An irreversibly inactive dimer of rStI coencapsulated into DPPC:Cho Lp with OVA induces a similar Ag-specific cytotoxicity as StII-containing Lp. C57BL/6 mice (three mice per group) were immunized s.c. twice with OVA/PIC (1 mg of OVA, 100 µg of PIC) or with Lp/OVA/Sts (rStI, _revStI W111C, or _irrevStI W111C) (50 µg of OVA and 6.25 µg of St) on days 0 and 12. A group of mice received PBS as control. The CTL assay was performed in vivo as described in Fig. 4. Each data point and the horizontal solid lines represent the cytotoxic activity of individual mice and the average values, respectively. The dashed line indicates the average lysis (%) from animals immunized with Lp/OVA/StII (Fig. 4). Data are from one representative experiment of two independent sets with similar results.

FIGURE 8

StII promotes DC maturation in vitro, independent of the presence of contaminating LPS. Immature BMDCs were obtained from femurs and tibias of C57BL/.6 mice. After 7 d of culture, cells were harvested, counted, and seeded again at 1 × 10⁶ cells per milliliter. StII (1 µg/ml) was added to immature BMDCs in 2 ml of serum-free medium for 3 h, and the PFP was subsequently inactivated by the addition of 10% FCS. LPS (1 µg/ml), LPS plus pmxB (10 µg/ml), StII plus pmxB, and StII free of endotoxin by column purification (pure StII) were also assayed under similar conditions.
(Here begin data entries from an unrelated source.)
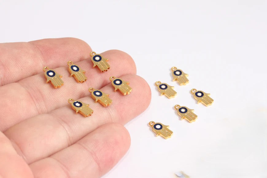 Shiny Gold Plated Hamsa Pendant Fatima's Hand Pendant Evil Eye Beaded Enameled Dangling Pendant Dimensions: 8x12mm. Package price. There are 5 products in 1 package. 24 carat gold plated on brass. A quality product resistant to rust and tarnishing. Do not contact with chemicals and perfumes for long-term use. It has passed all tests does not contain materials harmful to health. Colors may vary depending on screen settings and ambient light.
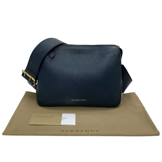 Bolsa Burberry Tiracolo confeccionada em couro na cor marinho. O modelo apresenta alça longa ajustável, detalhe em tecido xadrez nas laterais, ferragens douradas e fechamento principal por zíper.
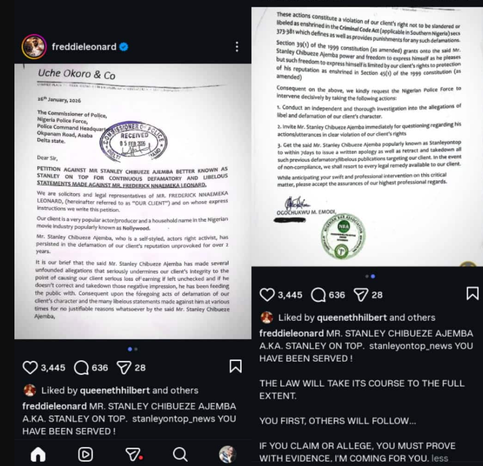 He wrote: “MR. STANLEY CHIBUEZE AJEMBA A.KA. STANLEY ON TOP. stanleyontop_news YOU HAVE BEEN SERVED!
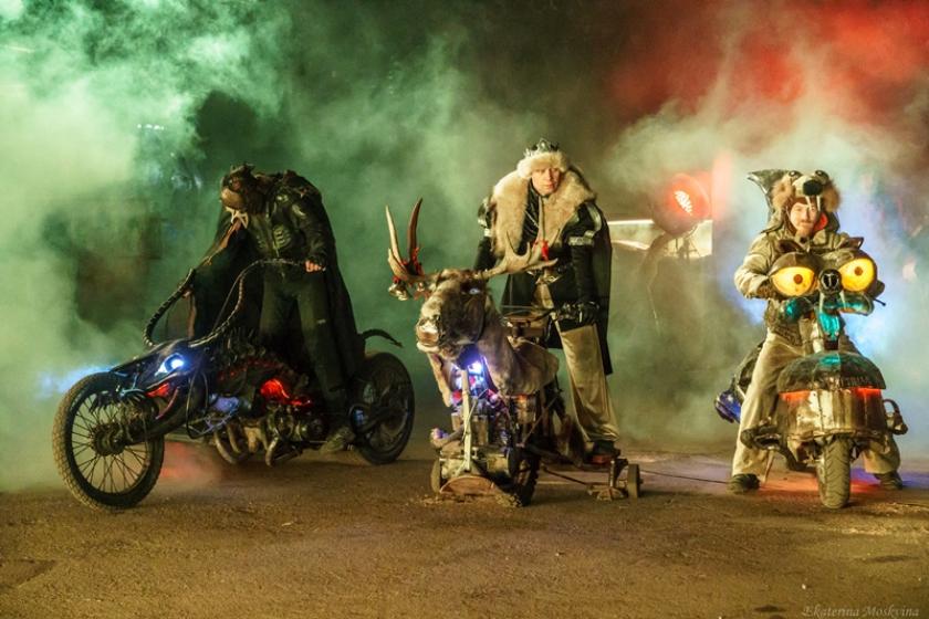 Сказочная мистерия являет собой сплав многих искусств – театра, музыки, поэзии, хореографии и… мотоциклов. На сцене под открытым небом для юных зрителей будут работать талантливые артисты. Кстати, помимо живых актеров в спектакле задействовано большое количество техники, созданной руками мотоциклистов. И, конечно, эффектные трюки исполнят мотокаскадеры. Вообще, над этими постановками работает команда профессионалов под руководством лидера «Волков» Александра Залдастанова (Хирурга) – этот человек известен своим нестандартным мышлением, он привык ставить перед собой почти нереальные задачи и с азартом их реализовывать.
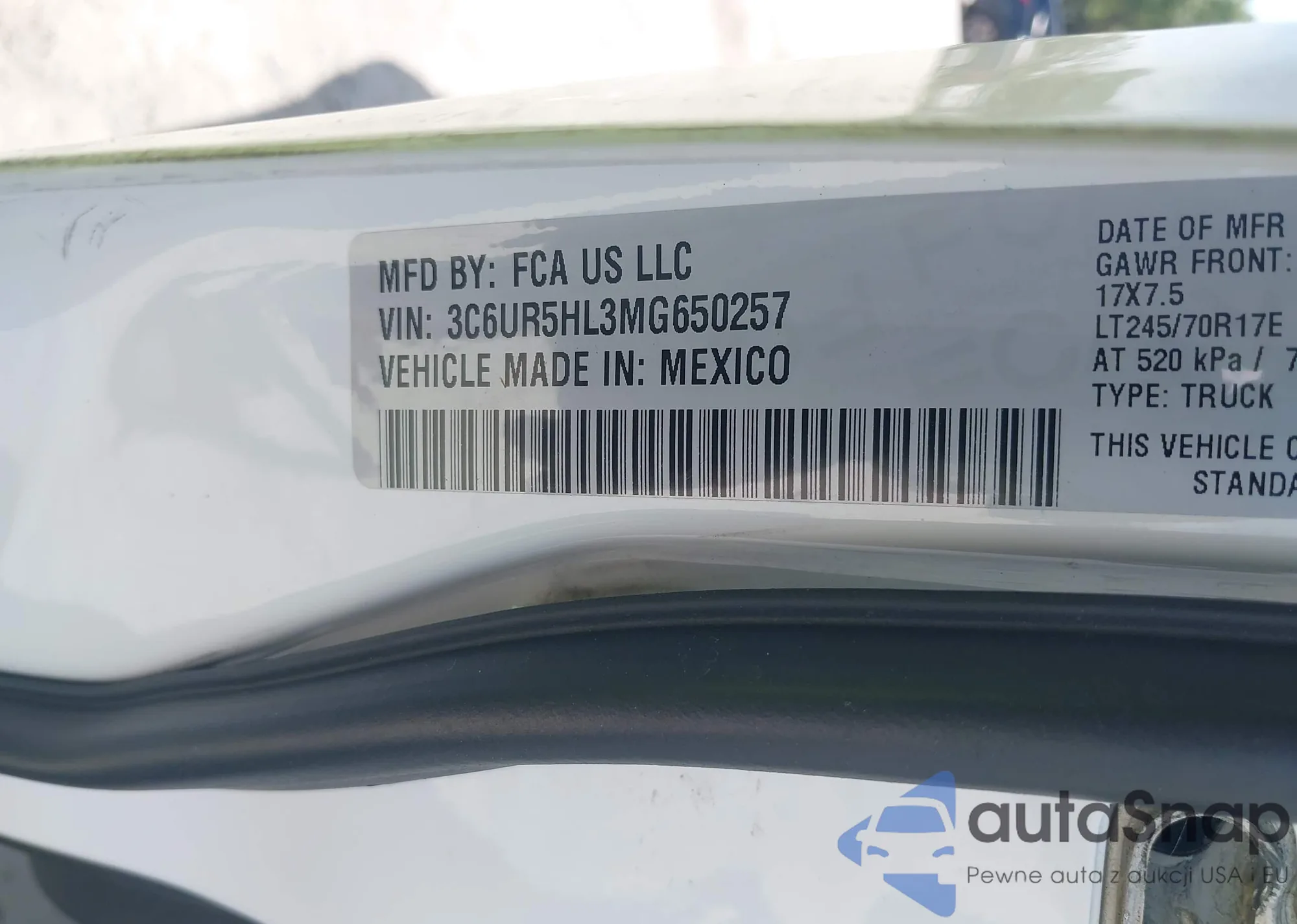 • VIN 3C6UR5HL3MG650257

Eighteen hours later, the upregulation of costimulatory molecules on the BMDC surface was detected by flow cytometry. Doublets were excluded from total acquired cells according to FSC profiles (FSC-area versus FSC-high), and the percentages of DCs (CD11c⁺ cells) expressing costimulatory molecules were analyzed on gated live cells. (A) Contour graphs representative of the expression of CD86, CD40, and CD80 costimulatory molecules by CD11c⁺ cells. Values in the quadrants represent cell percentages. (B and C) Percentages of CD11c⁺ cells expressing each costimulatory molecule (mean ± SD). Data are from one representative experiment of three independent assays with similar results; each one was performed at least in duplicate. *p < 0.05, **p < 0.01, ***p < 0.001. ns, not significant.